This issue tracker has been migrated to GitHub, and is currently read-only.
For more information, see the GitHub FAQs in the Python's Developer Guide.

classification
Title: Add jump table for certain safe match-case statements
Type: performance Stage: patch review
Components: Interpreter Core Versions: Python 3.11
process
Status: open Resolution:
Dependencies: Superseder:
Assigned To: Nosy List: AndersMunch, Dennis Sweeney, Kshitiz17, Mark.Shannon, brandtbucher, corona10, kj, rhettinger, serhiy.storchaka
Priority: normal Keywords: patch

Created on 2021-06-01 21:58 by Dennis Sweeney, last changed 2022-04-11 14:59 by admin.

Files
File name Uploaded Description Edit
matchperf.py Dennis Sweeney, 2021-06-12 22:29
Pull Requests
URL Status Linked Edit
PR 26697 open Dennis Sweeney, 2021-06-12 20:25
Messages (20)
msg394874 - (view) Author: Dennis Sweeney (Dennis Sweeney) * (Python committer) Date: 2021-06-01 21:58
Anecdotally, a few people I've talked to have expected that match-case statements would improve performance in the same way that switch-cases sometimes do in C-like languages. While this is impossible in general without changing semantics (since, for example, __eq__ can have side effects), it would be nice if a jump table was implemented in certain safe cases.

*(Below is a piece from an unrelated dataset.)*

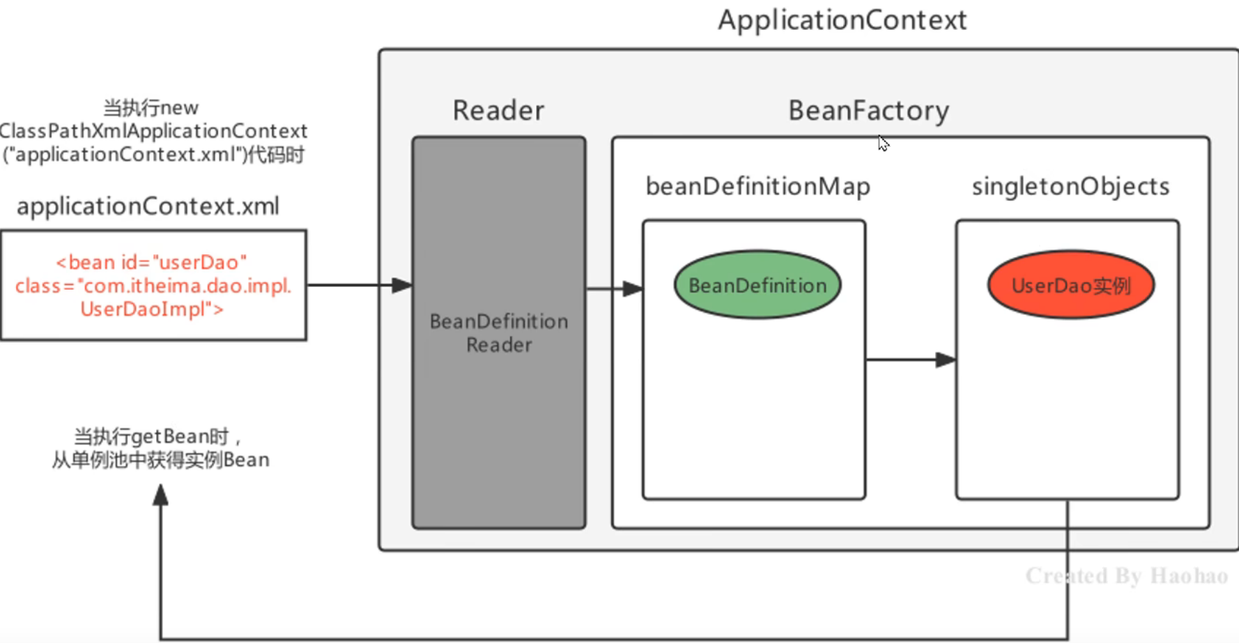 <bean id="userDao" class="com.Dao.Impl.UserDaoImpl"/>此时存储到Spring容器(singleObjects单例池)中的Bean的beanName是userDao,值是UserDaoImpl对象,可以根据beanName获取Bean实例

My idea was to implement this whenever the list of cases begins with 2 or more of the following in a row:

    (1) ints
    (2) strings
    (3) None
    (4) OR (`|`) patterns of any of the above
    (5?) potentially later add support for tuples

Example:

    match x:
        case 10:             # safe
            print("A")
        case 20:             # safe
            print("B")
        case 30 | 31:        # safe
            print("C")
        case 40:             # safe
            print("D")
        case MyClass(10, 20): # unsafe
            print("E")
        case []:              # unsafe
            print("F")
        case whatever:        # unsafe
            print("G")


This would compile to something like

    LOAD_FAST (x)
    LOAD_CONST 16            ({10: 16, 20: 38, 30: 80, 31: 80, 40: 102})
    ATTEMPT_SAFE_MATCH 110

    ... all the rest of the code is the same ...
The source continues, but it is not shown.